The inaccuracies of information “can cause damage to individuals and society as a whole”, they said.

According to the report, it was important for government to take measures to safeguard independent media as they are able to expose people to many viewpoints and provide trusted information. 

Reddit, a company that removes misinformation from its users’ websites, and Instagram, which bans hashtags against vaccination, said the researchers.

Experts warned that “those who seek to propagate such misinformation” were capable of quickly changing their tactics.

According to them, instead of relying on social media users for misinformation detection and reporting it, this can lead to a “powerful anecdote”.

According to the team, social media giants might limit its spread by placing limits on the number of times messages can be sent via online messaging. They also use algorithms that validate information within images and messages.

They demanded funding be provided to fact-checking businesses, which are ‘vital in maintaining a healthy online environment.

Adults over the age of 65 should receive digital literacy training.

According to the team, people can share information for altruistic reasons as well as profit and political motives.

Professor Gina Neff of the Oxford Internet Institute, which is an expert on technology, society, and was one the researchers said that scientific misinformation can not only affect people, but also society, and future generations, if it’s allowed to spread unchecked.

“Our survey showed people share misinformation for complex reasons, and we will not change that by providing more facts.

“We require new strategies in order to make sure that high-quality information is available online and can be competitive in an ever-changing attention economy.”

“This involves investing in information literacy programs, provenance-enhancing technologies and data sharing mechanisms between researchers and platforms.

The No10 Safety Bill is currently in dispute.  

This bill will hold tech companies accountable for any ‘harmful content’ they post on their platforms.

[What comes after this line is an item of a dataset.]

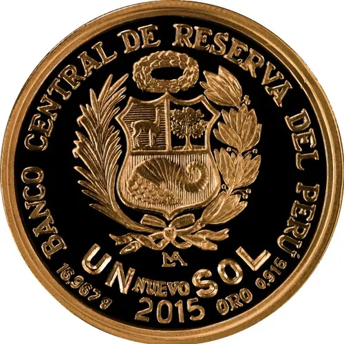 | Obverse lettering | BANCO CENTRAL DE RESERVA DEL PÉRU UN NUEVO SOL 16.967 g ORO 0.916 2015 |
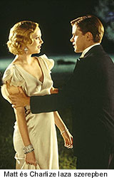 Az első jó dolog most következik be a filmben, Charlize Theron-t ugyanis megtámadják ilyen dagadt bankárok, hogy adja el nekik a golfpályát, meg mindent. De ezt a nőt nem akármilyen fából faragták. Azt, hogy konkrétan milyenből, az egész filmsorán nem igazán fog kiderülni, mert ebben a filmben mindenki mellékszereplő, senkinek nem kellett bonyolult karaktereket és történeteket kidolgoznia. Matt Damon is csak arcból játszik, a szokásos csodagyerek arcát nyomja, de az, hogy érez-e, gondol-e, tervez-e, tud-e valamit, az örök rejtély marad. Szóval nem akármilyen kliséből faragták ezt a nőt, és nem adja el a golfkomplexumot. De hogy, de hogy, de hogy???

The regulator Ofcom, Government and social media platforms would have more control to manage what users see in news feeds.

The Tories warn it will be It is considered ‘catastrophic” for ordinary citizens’ freedom of expression. 

These proposed rules raise the possibility that Silicon Valley businesses could remove legal posts they believe aren’t ‘politically right’. 

Industry representatives believe that MailOnline and other news organizations should be granted a positive exemption from the bills’ provisions. 

Peter Wright (editor emeritus at DMG Media) told MPs October that they should not moderate journalistic content produced from’recognised media publishers’.